Le chant du papillon

– C'est strictement impossible! On ne peut pas lancer une expédition vers le Soleil, affirma le secrétaire général de la NASA en éclatant de rire.

L'idée était vraiment saugrenue. Une expédition vers le… Soleil!

L'homme assis à sa droite, officier responsable des missions de la NASA, se voulut plus conciliant.

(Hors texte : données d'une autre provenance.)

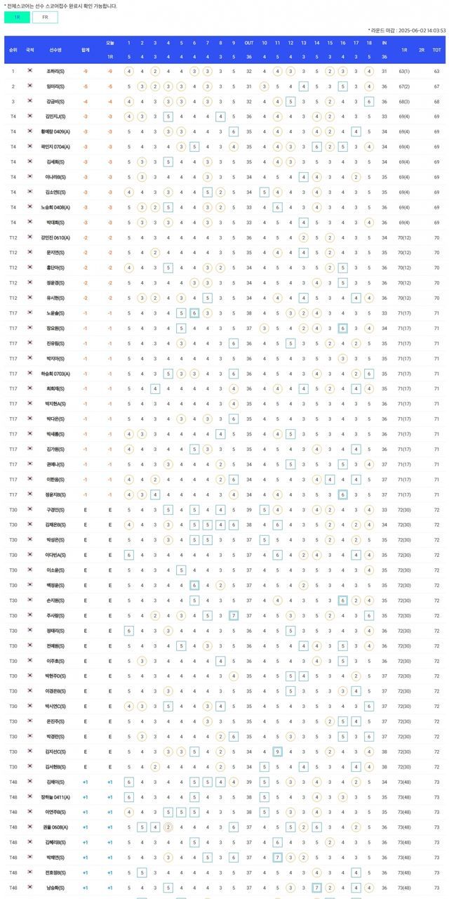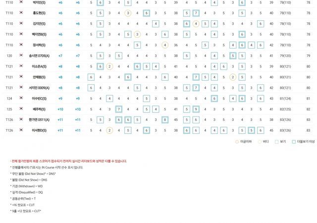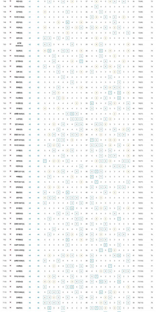 ▲다산베아채 골프앤리조트 점프투어 7차전 1라운드 순위(a아마추어)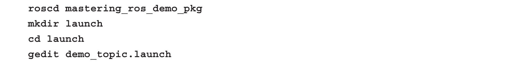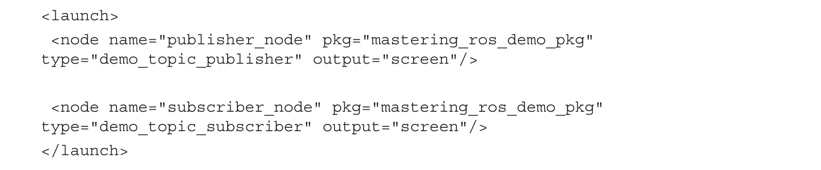 ROS中的启动(launch)文件在启动多个节点时非常有用。在前面的示例中,我们看到最多有两个ROS节点,但想象一下,如果我们需要为一个机器人启动10个或20个节点的情形。如果我们在终端中逐个启动每个节点将是很麻烦的事。相反,我们可以在一个launch文件中基于XML格式编写所有的节点,可以使用roslaunch命令解析此文件,然后启动其中的所有节点。

– Il faut reconnaître que le secrétaire général a raison. Il est impossible de voyager vers le Soleil. Les astronautes se calcineront dès qu'ils approcheront de la périphérie.

– Impossible n'est pas terrien, avait rétorqué le petit homme replet qui répondait au nom de Simon Katz.

Et il fouilla dans sa poche gonflée, à la recherche de cacahuètes salées qu'il grignota avec décontraction.

Le secrétaire général de la NASA leva un sourcil inquiet.

– VQUS voulez dire, professeur Katz, que vous avez vraiment l'intention de lancer une expédition d'astronautes vers le Soleil?

Simon Katz resta impassible. Puis répondit:

– Il faudra bien un jour que ce voyage se fasse. Après tout le Soleil est l'objet que nous voyons le mieux dans le ciel au-dessus de nous.

Le petit homme déploya une carte où était dessinée une trajectoire de vol.

– La distance de la Terre au Soleil est de 150 millions de kilomètres. Cependant, grâce à nos nouveaux réacteurs nucléaires à fusion, nous pourrions y être en deux mois.

– Le problème n'est pas la distance mais la chaleur!

– Le flux d'énergie libéré par le Soleil est de 10**26 calories par seconde. Équipés de gros boucliers thermiques, on devrait pouvoir s'en protéger.

Cette fois, les deux officiers parurent impressionnés par tant d'opiniâtreté.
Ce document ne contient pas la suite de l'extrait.